Total RNA was extracted from H9C2 cells using the FastPure Cell/Tissue Total RNA Isolation Kit (Vazyme, RC101-1) according to the manufacturer’s instructions. Total RNA (1 μg) was reverse transcribed into cDNA using ABScript III RT Master Mix for qPCR with gDNA Remover (ABclonal, RK20429) according to the manufacturer’s instructions. Real-time polymerase chain reaction (PCR) was performed using 2X Universal SYBR Green Fast qPCR Mix (ABclonal, RK21203) via the AB 7500 fast Real-Time System. The primer sequences used for PCR are shown in Table 1. The amplification conditions for PCR were as follows (in a total volume of 10 μl): 95°C for 10 min followed by 35 cycles of denaturation at 65°C for 5 min.
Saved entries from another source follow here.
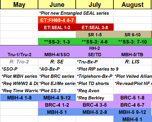 I try not to re-jigger my plans, except at the end of the month. Otherwise, I spend too much time working on plans rather than working on writing/editing. However lately, I’ve had to revise and revise. New projects added. Some deleted. The death of Kindle Worlds (in July) suddenly gave me “space” I felt the need to fill.
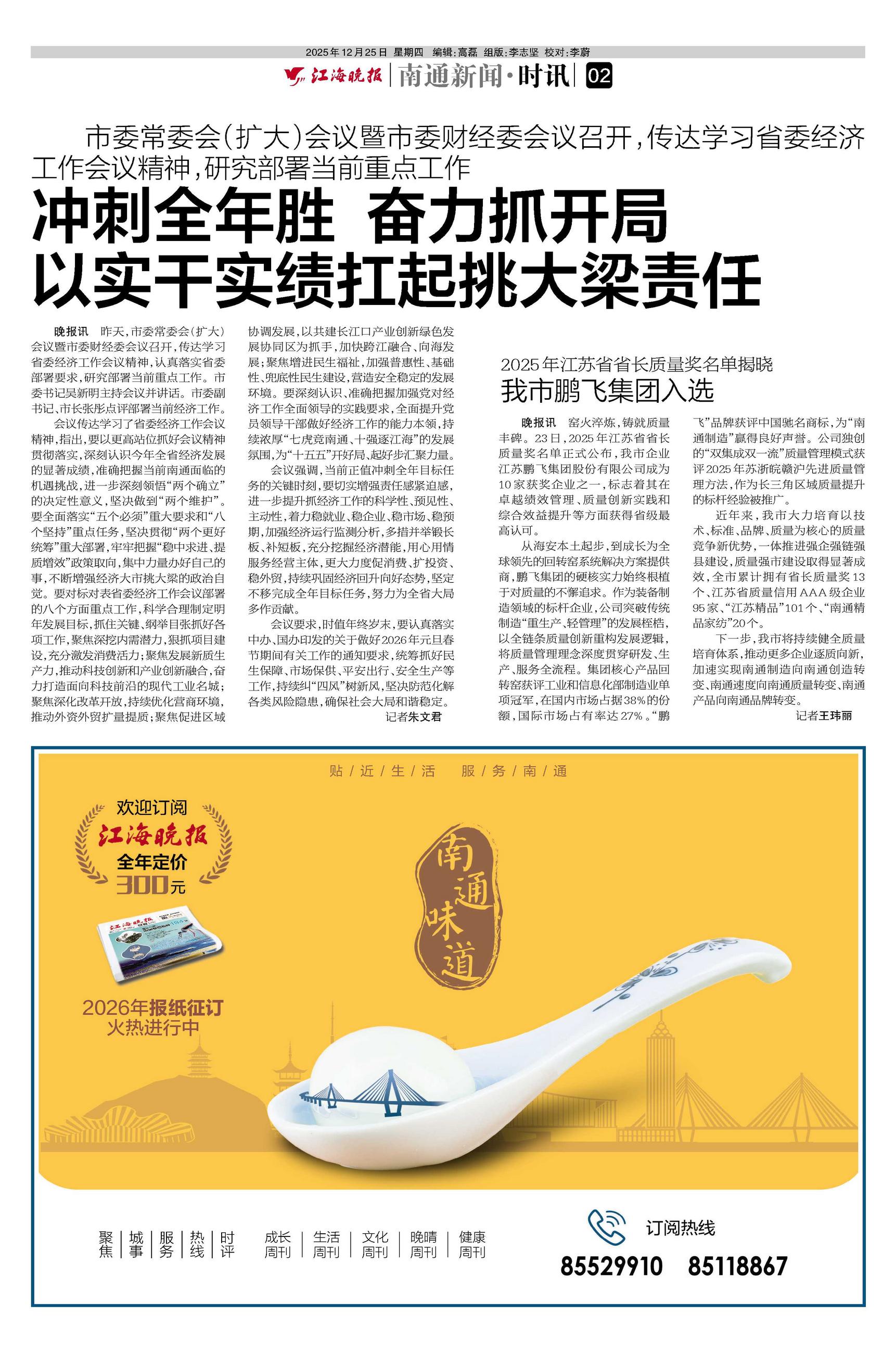 晚报讯 窑火淬炼,铸就质量丰碑。23日,2025年江苏省省长质量奖名单正式公布,我市企业江苏鹏飞集团股份有限公司成为10家获奖企业之一,标志着其在卓越绩效管理、质量创新实践和综合效益提升等方面获得省级最高认可。
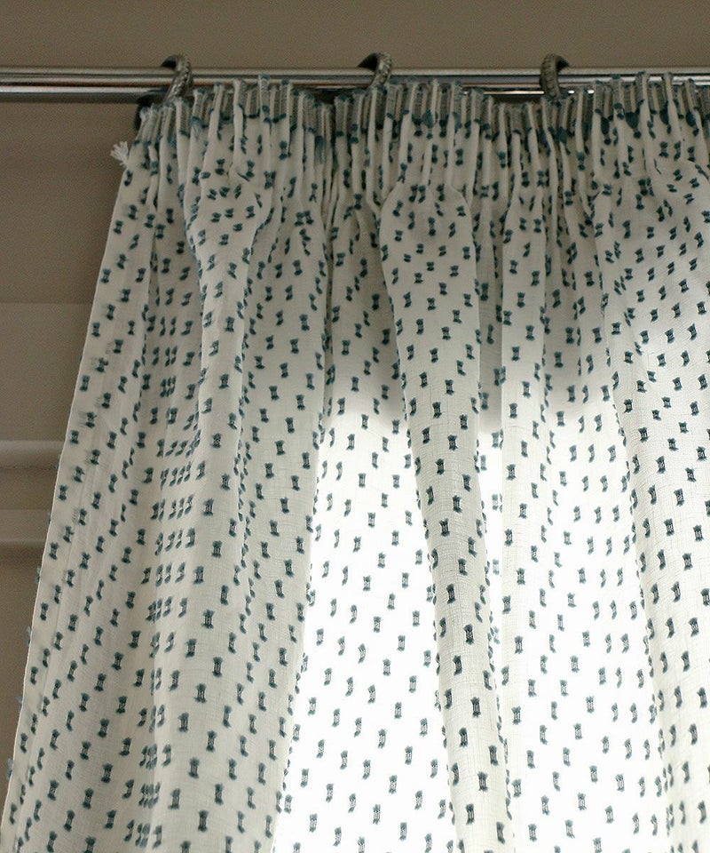 カーテンポールやレールに引っ掛けて頂くカジュアルな仕立てです。
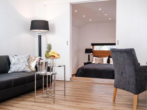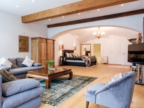 Kinderbett zustellbar, Babybett zustellbar, getrennte Betten, Sessel, Schlafcouch, Couch, Tisch + Stühle, Schreibtisch, Zimmersafe, Sitzecke,
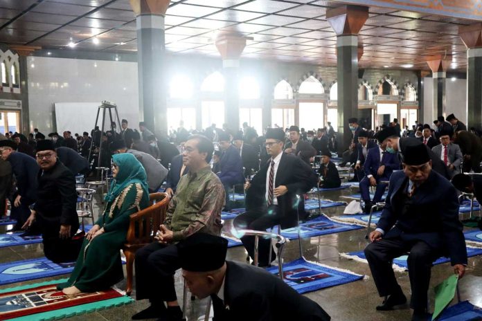 Sewaktu Covid, Lebaran di Al-Zaytun berubah. Salatnya berjarak sangat lapang. Semua jamaahnya duduk di kursi. Di sebelah kursi ada sajadah. Semua gerakan salat dilakukan sambil duduk di kursi. Barulah pada gerakan sujud mereka pindah ke atas sajadah: bersujud di sajadah. Setelah sujud selesai jamaah kembali duduk di kursi. Lalu ke sajadah lagi saat akan sujud lagi.
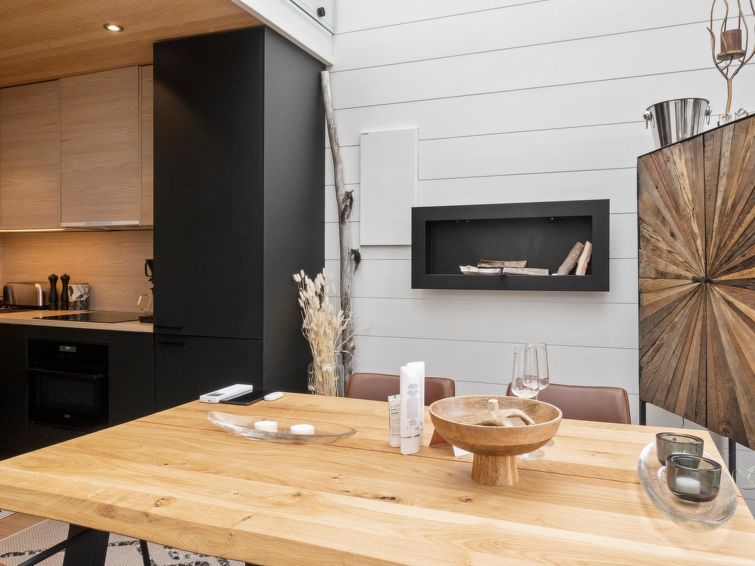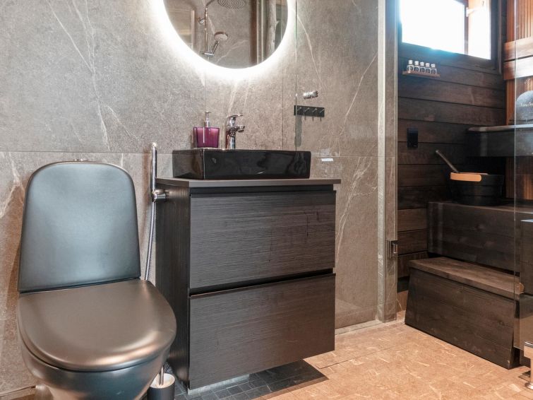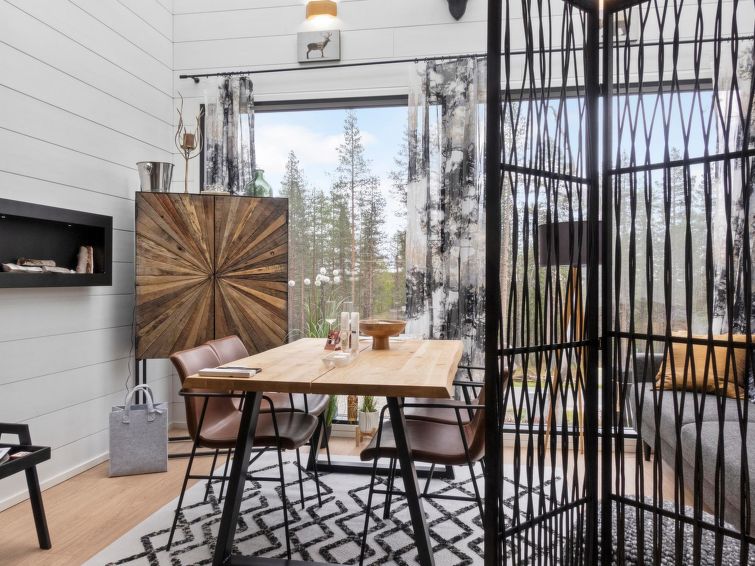 Levi circular ski trail and mountain bike trail nearby (150 m). You can go skiing from the yard, practically. The nearest ski slope is Taalo slope (distance by car 1.5 km), South slope Point 4 km. Levi tourist center 7 km.
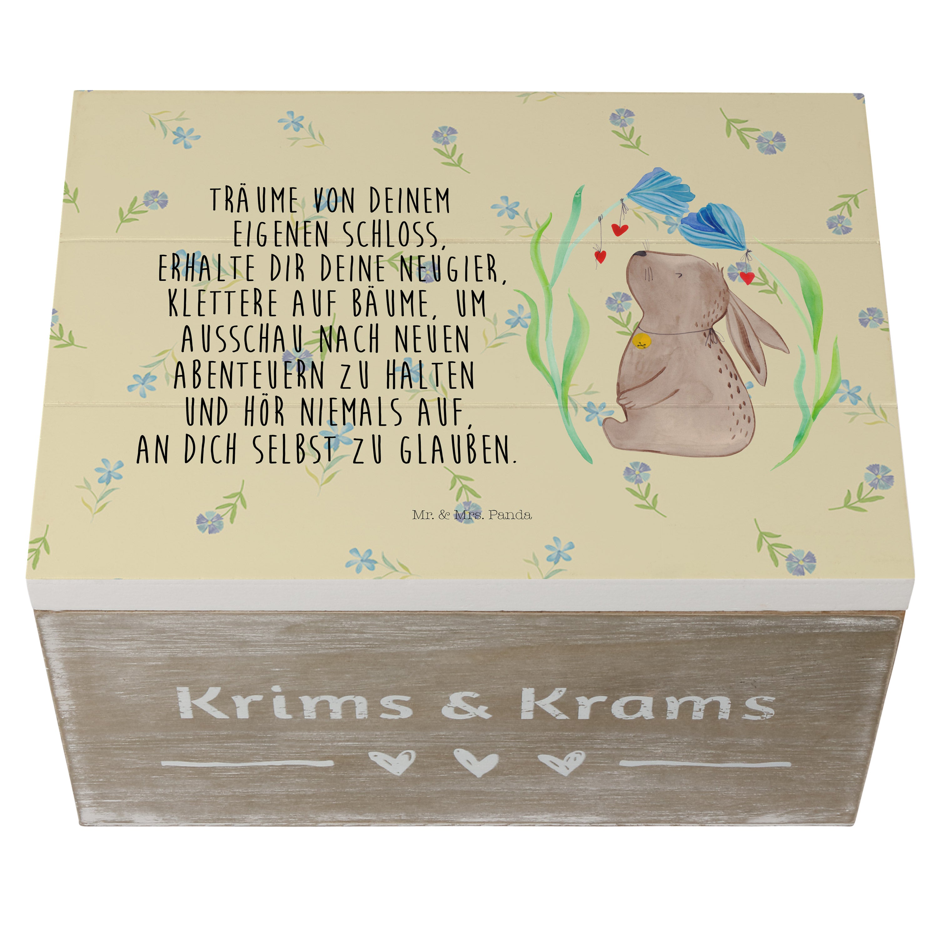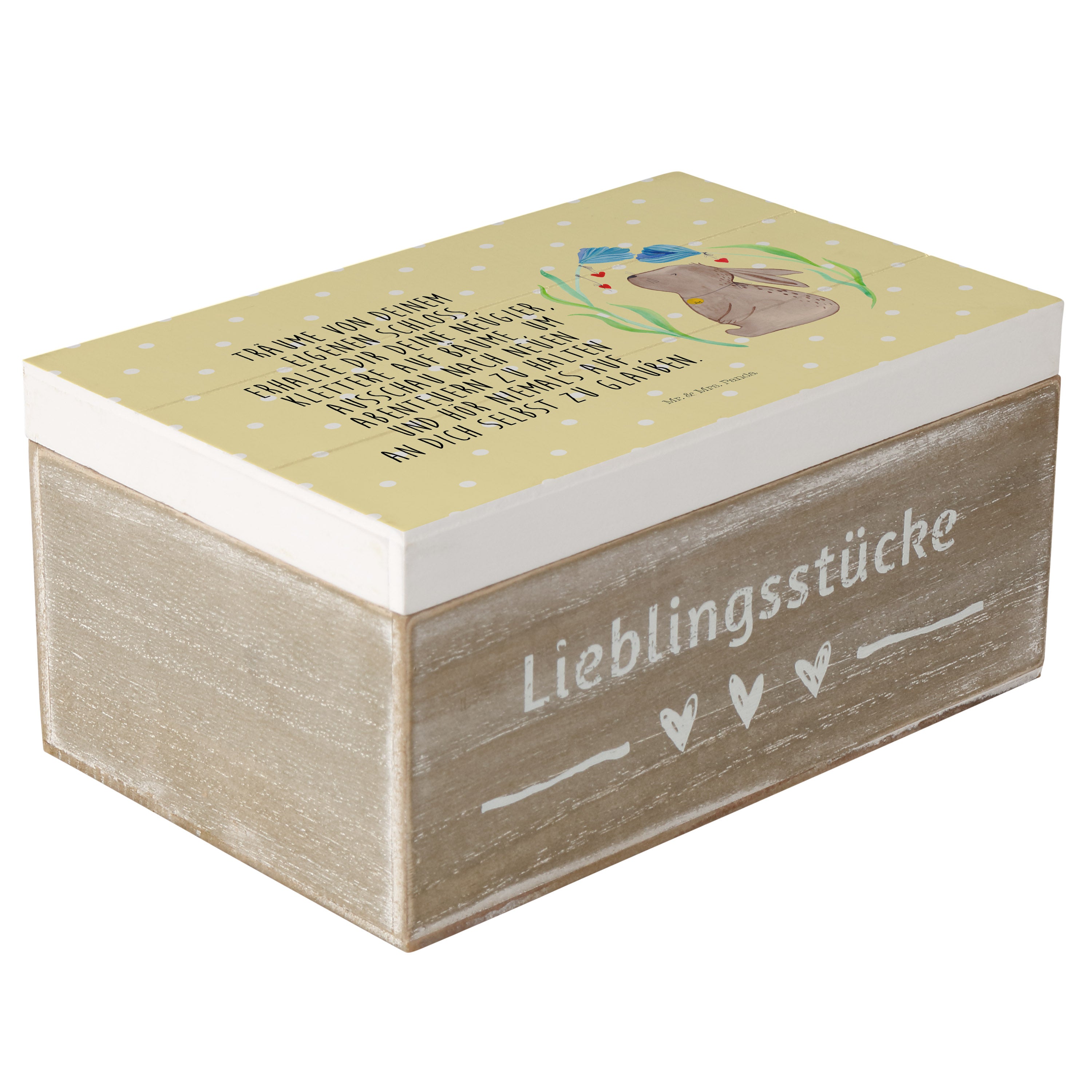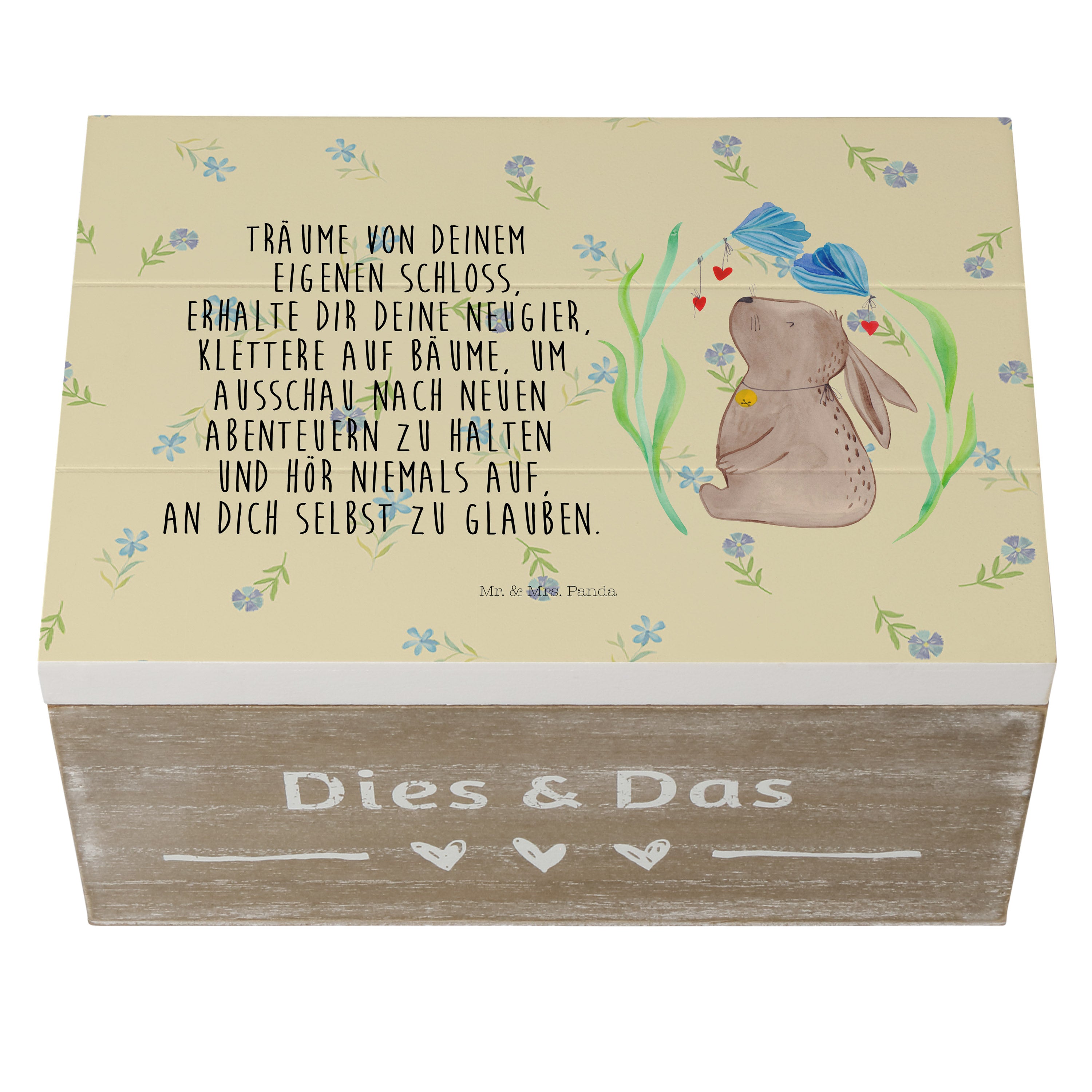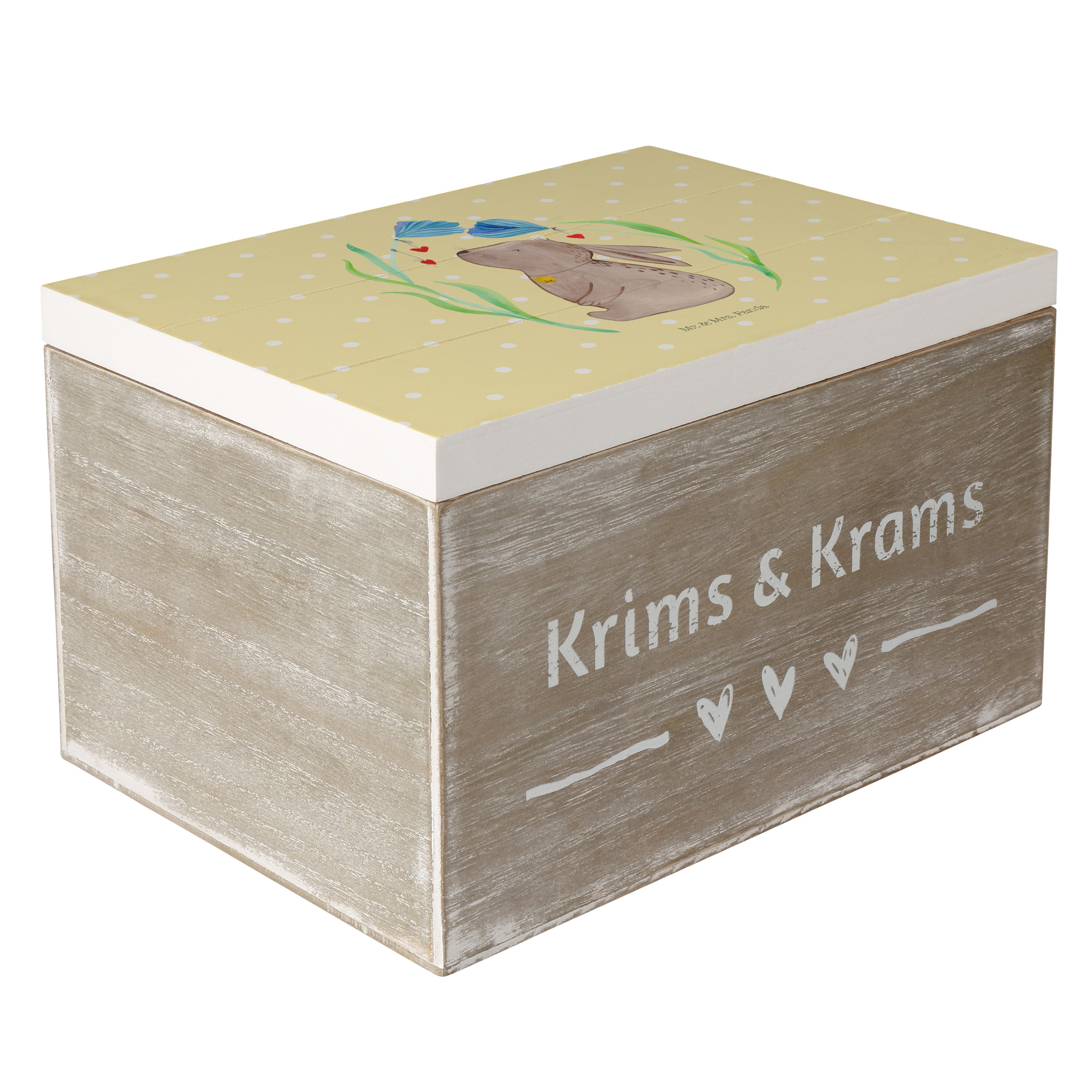 Holzkiste Hase Blume - 25 x 18 cm - mit Spruch - Weiß
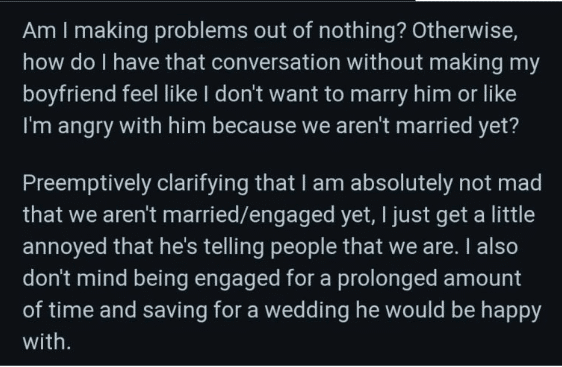 “Am I making problems out of nothing? Otherwise, how do I have that conversation without making my boyfriend feel like I don’t want to marry him or like I’m angry with him because we aren’t married yet?Preemptively clarifying that I am absolutely not mad that we aren’t married/engaged yet, I just get a little annoyed that he’s telling people that we are. I also don’t mind being engaged for a prolonged amount of time and saving for a wedding he would be happy with.”

Graph was used as a reference gene. All gene expressions were analyzed using the comparative Ct method (2 − ΔΔCt): ΔΔCt = ΔCt Δ (experimental sample) − ΔCt (WT control), where ΔCt = Ct of the target gene − Ct of the internal reference gene.
TABLE 1

Details of seven hub genes.

Gene symbolsDegreeFull names
Tp53 16tumor protein p53
Tnf 14tumor necrosis factor
Il6 14interleukin 6
Hif1a 13hypoxia inducible factor 1 subunit alpha
Hmox1 11heme oxygenase 1
Xbp1 10X-box binding protein 1
Casp8 10caspase 8
Details of seven hub genes. Primers for real-time polymerase chain reaction.

Statistics

All statistical analyses were performed using Prism 8.0. Data and bar plots with error bars represent means ± standard derivations. Statistical comparisons were performed using one-way analysis of variance followed by the Tukey test. p < 0.05 indicated statistical significance.

Results

The flowchart of the study design is shown in Figure 1. After standardization and identification of the microarray results, DEGs were screened via GEO2R (Figure 2A). There were 1,177 DEGs in the GSE1405 dataset, including 755 upregulated genes and 422 downregulated genes. Then, we intersected DEGs with 456 FRGs and obtained 43 DEFRGs, including 38 upregulated and 5 downregulated genes (Figures 2B and C).
FIGURE 1

Study design flowchart.

FIGURE 2

(A) volcano plot of GSE4105 microarray data. (B) Venn diagram of the 38 upregulated differentially expressed ferroptosis-related genes (DEFRGs) in cardiac ischemia–reperfusion injury (IRI). (C) Venn diagram of the five downregulated DEFRGs in cardiac IRI.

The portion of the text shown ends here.